We've built an entire methodology around this principle. Our Question-First Data Strategy™ starts from the same premise: define the question before you reach for the tool. We've deployed it across energy utilities, resources companies and engineering firms. The lesson is always the same. If you don't know what you're trying to learn, no amount of data or technology will teach you. The fact that the World Economic Forum is now articulating the same logic at a civilisational scale tells you something about where the gap really sits. The principle scales. The discipline doesn't change.

The parallel that safety professionals should notice

The rally's macro argument is the same thing we do at the micro level every day. Define what you don't know. Identify the failure modes. Put controls in place before you scale. We do that for safety teams and operational technology. Protesters on Capitol Hill want it applied to frontier labs building superintelligence. Same principle. Different scope.

This is also why the safety profession has something valuable to contribute to the AI governance conversation, and why it’s frustrating to learn we’re largely absent from it. Safety professionals understand risk governance, the precautionary principle, the hierarchy of controls and the difference between theoretical safety and operational safety. These are exactly the capabilities and frameworks that frontier AI development is missing. The AI policy debate is dominated by technologists, ethicists and policymakers. Practitioners who spend their careers managing high-consequence, complex systems in the real world are conspicuously quiet.

Pro-adoption and pro-caution at the same time

There's a false binary in the current AI discourse. You're either an accelerationist who believes AI will solve everything, or you're a doomer who wants to pull the handbrake. Most thoughtful practitioners sit somewhere in between, and that middle ground is chronically underrepresented.

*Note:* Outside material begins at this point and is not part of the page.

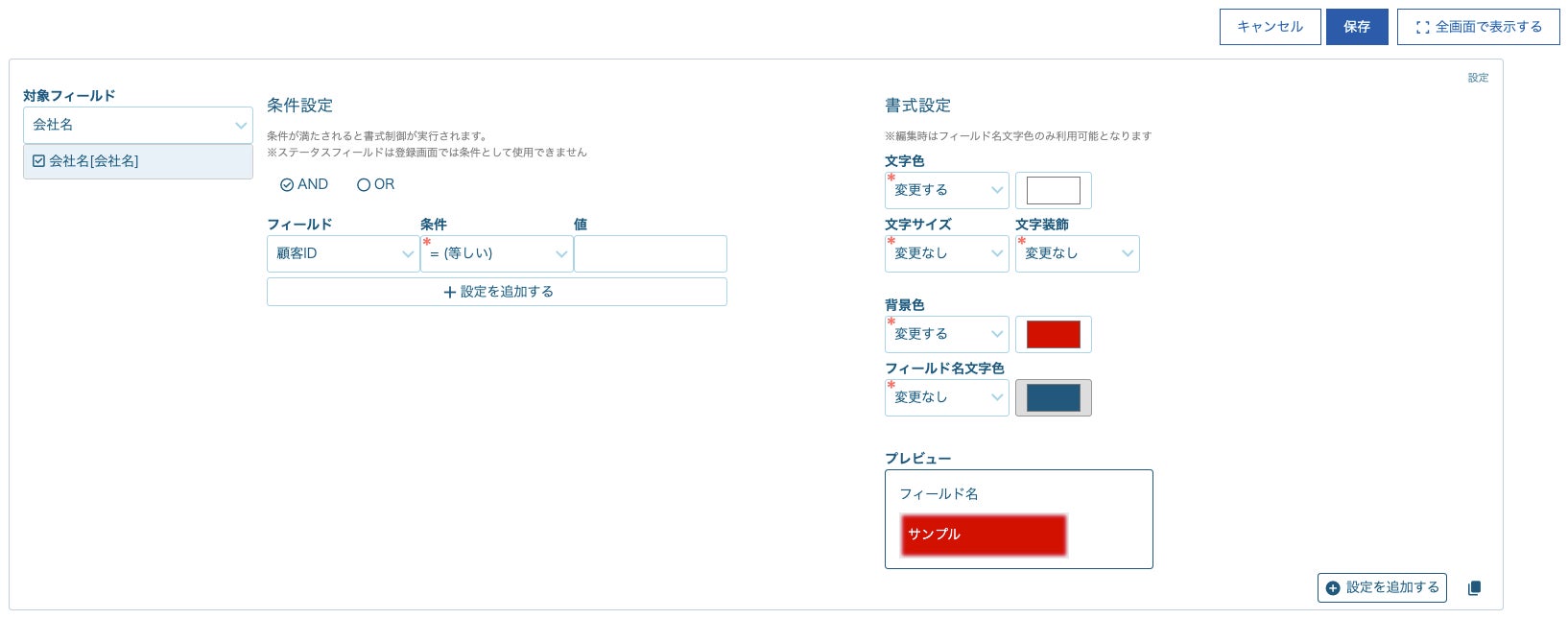 フィールド装飾:背景色、フィールド名の文字色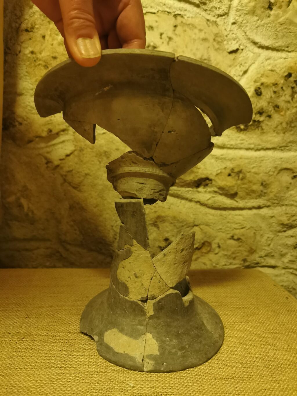 Cele două fragmente expuse nu provin de la același vas.

You can believe that current AI tools are delivering genuine value to safety practice. You can use them daily. You can help organisations adopt them responsibly. And you can simultaneously believe that the race toward superintelligence needs stronger guardrails, clearer governance and genuine public input before it accelerates further.

You don't have to agree with every position at a rally to take the underlying signal seriously. And this signal is worth paying attention to.

If you work in safety, holding both of those positions isn't contradictory. It's our whole job.